**Records**
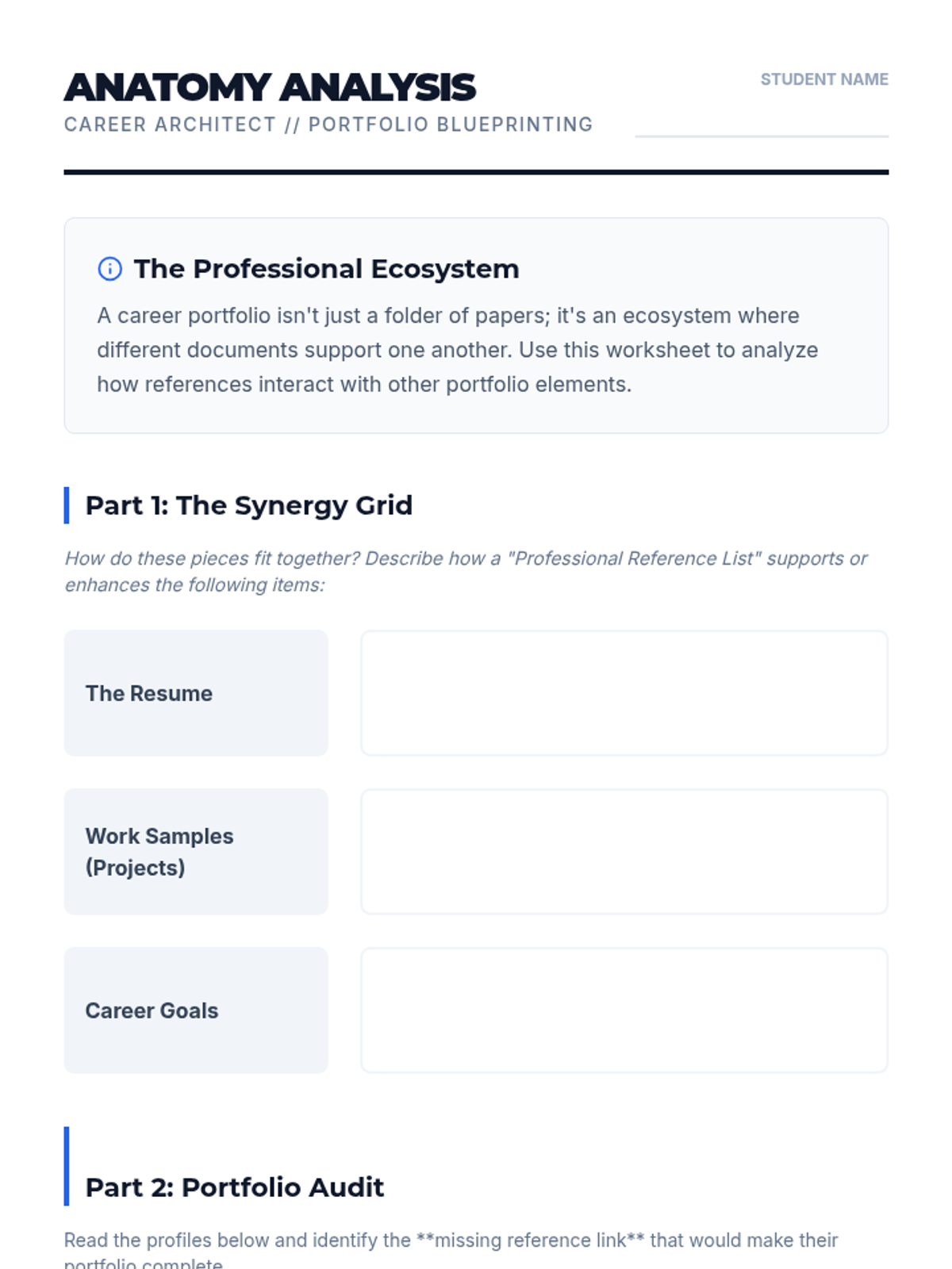 A comprehensive sequence for 12th-grade students to master the art of identifying, selecting, and formatting professional references. Students move from brainstorming potential advocates to producing a branded, accurate reference sheet ready for employment applications.
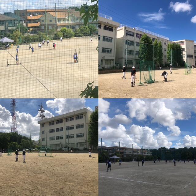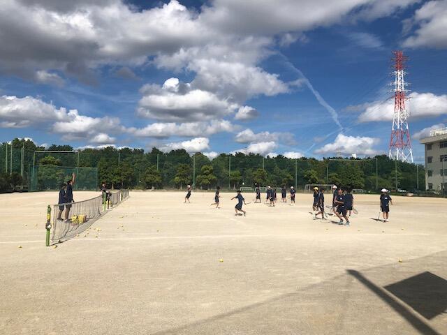 8時半頃、グラウンドではソフトテニス部の女子と野球部が活動していました。ソフトテニス部の女子は第8中学校と練習試合をしていました。
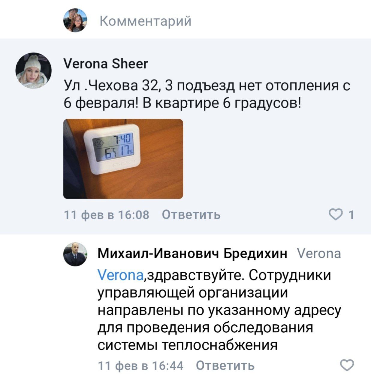 — Уважаемый Вячеслав Владимирович. Ситуация в доме по адресу Чехова, 32 остаётся сложной. Уже почти две недели, с 6 февраля, в доме наблюдаются серьёзные проблемы с отоплением. Сейчас в квартире всего 11 градусов тепла, и люди пытаются согреться всеми возможными способами. Управляющая компания «Жилищный фонд» не может эффективно решить эту проблему. Время от времени к нам приезжают сотрудники, проводят осмотр и уезжают, но тепло в дом так и не возвращается. Кроме того, нам постоянно приходится сталкиваться с грубостью по телефону. Несколько дней назад по данному адресу приезжали вы. Вы отчитались, что ситуация находится на контроле, но на самом деле до сих пор не могут люди согреться. Жильцы дома постоянно жалуются и сообщают о проблеме в различные инстанции. Однако в ответ получают только отговорки о том, что туда были отправлены рабочие и аварийные бригады, но ситуация не улучшается, — написала Анастасия Цыганкова 19 февраля на странице губернатора.
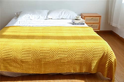 Coperta lavorata a maglia, leggera e confortevole, adatta per letto e divano (giallo)
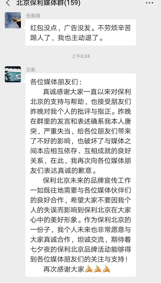 从昨晚开始,保利媒体沟通群的聊天记录截图被疯转。
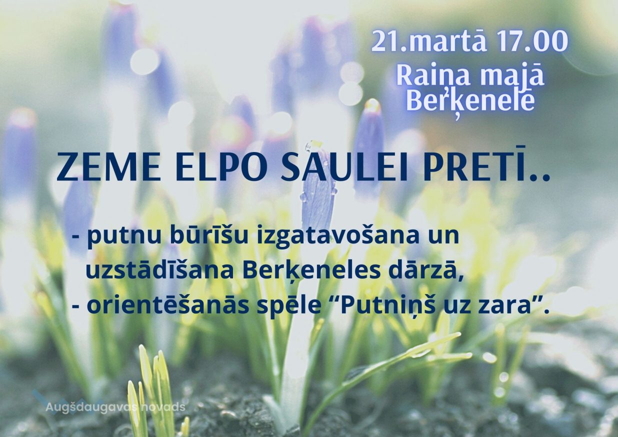 21. martā plkst. 17.00 aicinām uz Raiņa māju, lai darbotos putnu būru izgatavošanas darbnīcā. Pēc tam putnu būrīšus izvietosim Berķeneles dārzā, vienlaikus varēsiet piedalīties orientēšanās spēlē “Putniņš uz zara”.
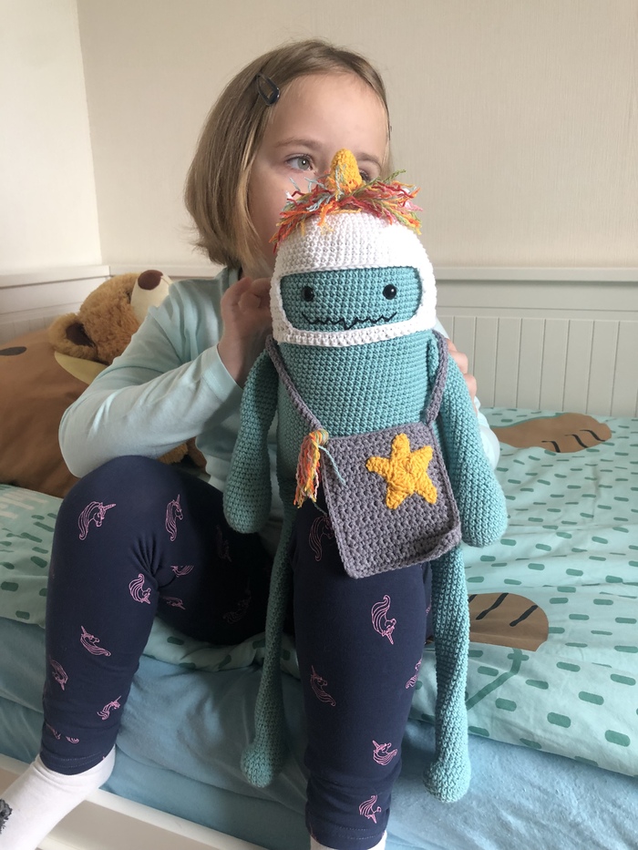 Зайка связан по МК @kuzma_valya, голова поворачивается, ручки и ножки двигаются, высота 29 см. Когда сын увидел зайку, он сказал, что похож на зайку Шнуфель. Я не полянилась и посмотрела, кто такой Шнуфель. И действительно что то есть схожее.
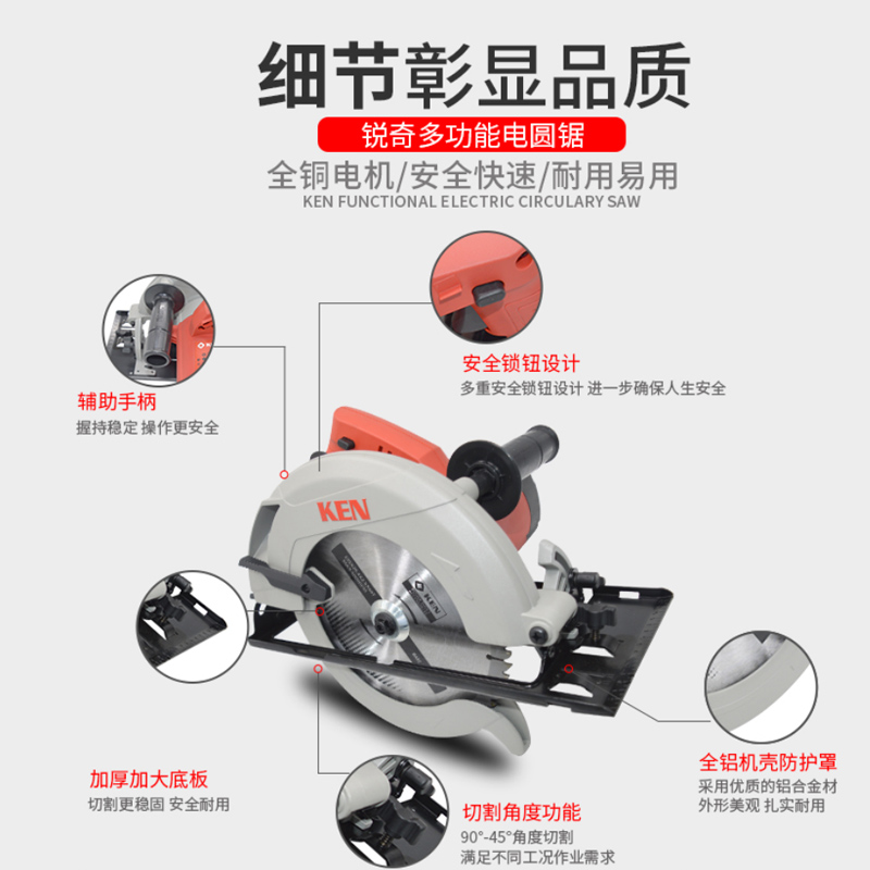 KEN Ruiqi circular saw machine 5639 woodworking cutting machine 2100w high power 9 inch push table saw Flip disc portable saw
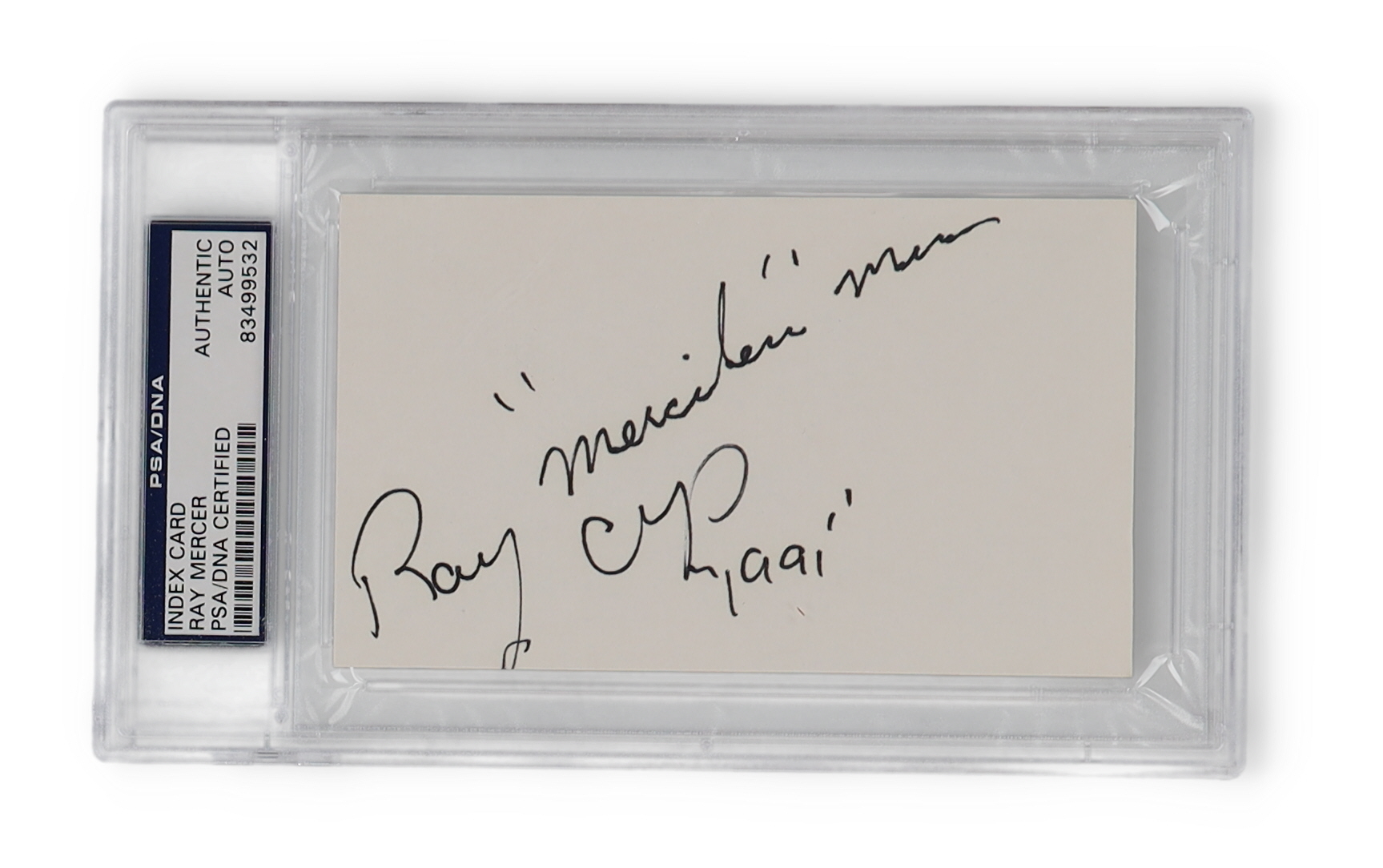 Index card measures 3" x 5" in size. Hand-signed and inscribed by Ray Mercer.
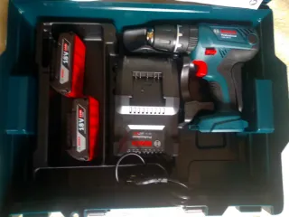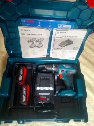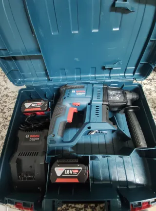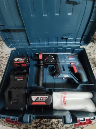 Taladro percutor Bosch profesional, ideal para trabajos exigentes. Se entrega en su maletín original. - Incluye dos baterías de 18V. - Cargador rápido. - Juego de puntas y brocas.
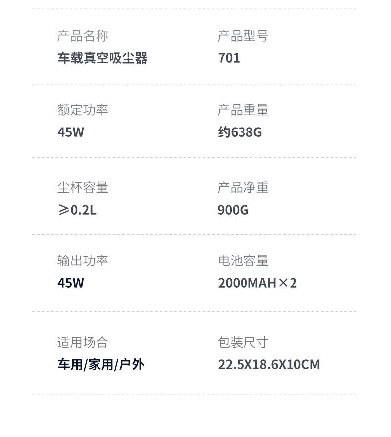 Modelo:701 Nombre del producto:Aspiradora para coche
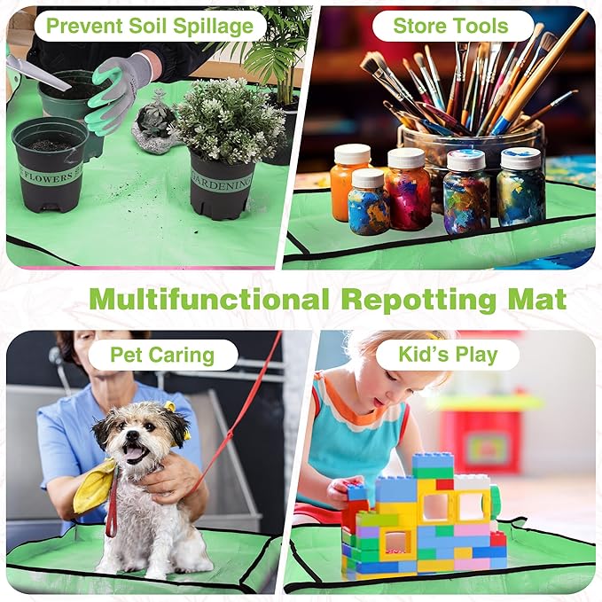 - Clean & Efficient Gardening Assistant: Equipped with a waterproof, thickened plant repotting mat featuring corner copper buckles to prevent water and soil from spilling out. Whether working indoors or outdoors, it keeps your workspace tidy, eliminating the hassle of cleaning up scattered soil

**What you have to do**
Write out exactly the lines of the material above, starting with the first and finishing with the line that contains "8時半頃、グラウンドではソフ", without pictures.

**Problem solution**
 A comprehensive sequence for 12th-grade students to master the art of identifying, selecting, and formatting professional references. Students move from brainstorming potential advocates to producing a branded, accurate reference sheet ready for employment applications.
 8時半頃、グラウンドではソフトテニス部の女子と野球部が活動していました。ソフトテニス部の女子は第8中学校と練習試合をしていました。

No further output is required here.